* **The data**

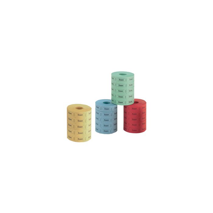 herlitz Essenmarken, 30 x 55 mm, 1.000 Abriss je Rolle --------------für den Markt: D / L / A / CH-----------------fortlaufend nummeriert, sortiert in den Farben gelb, rot, blau oder grün, kein spezieller Farbwunsch möglich! beinhaltet: 5 Rollen (neu: 300008430 / alt: 00791798-000)
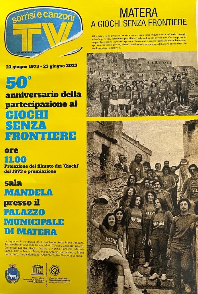 Nel 1973 i Sassi di Matera ospitarono un’edizione storica di “Giochi senza frontiere”. Alcuni protagonisti di questa straordinaria impresa saranno presenti domani (venerdì 23 giugno) alle ore 11, in una conferenza stampa presso la sala “Mandela” del municipio durante la quale saranno proiettati spezzoni del filmato sui giochi del ’73, tra salti a ostacoli, corsa e salite sulle pertiche. Sarà presente il sindaco, Domenico Bennardi, che premierà la squadra dei protagonisti ancora in vita, con medaglie riproducenti fedelmente quelle dell’epoca e le due date 1973-2023. Gli atleti originariamente erano 13, domani saranno guidati da Mario Colucci e presentati da Annarita Colucci.
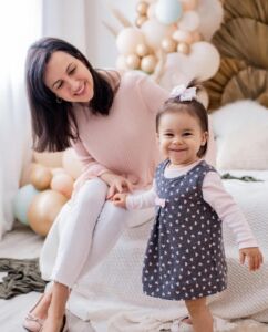 Malu Goulart com sua princesa Sofia. O tesouro vestindo Catherine Store.

* **What to do**
Transcribe the listing in full. Omit the pictures and keep every line exact.

* **Solution to this task**
 herlitz Essenmarken, 30 x 55 mm, 1.000 Abriss je Rolle --------------für den Markt: D / L / A / CH-----------------fortlaufend nummeriert, sortiert in den Farben gelb, rot, blau oder grün, kein spezieller Farbwunsch möglich! beinhaltet: 5 Rollen (neu: 300008430 / alt: 00791798-000)
 Nel 1973 i Sassi di Matera ospitarono un’edizione storica di “Giochi senza frontiere”. Alcuni protagonisti di questa straordinaria impresa saranno presenti domani (venerdì 23 giugno) alle ore 11, in una conferenza stampa presso la sala “Mandela” del municipio durante la quale saranno proiettati spezzoni del filmato sui giochi del ’73, tra salti a ostacoli, corsa e salite sulle pertiche. Sarà presente il sindaco, Domenico Bennardi, che premierà la squadra dei protagonisti ancora in vita, con medaglie riproducenti fedelmente quelle dell’epoca e le due date 1973-2023. Gli atleti originariamente erano 13, domani saranno guidati da Mario Colucci e presentati da Annarita Colucci.
 Malu Goulart com sua princesa Sofia. O tesouro vestindo Catherine Store.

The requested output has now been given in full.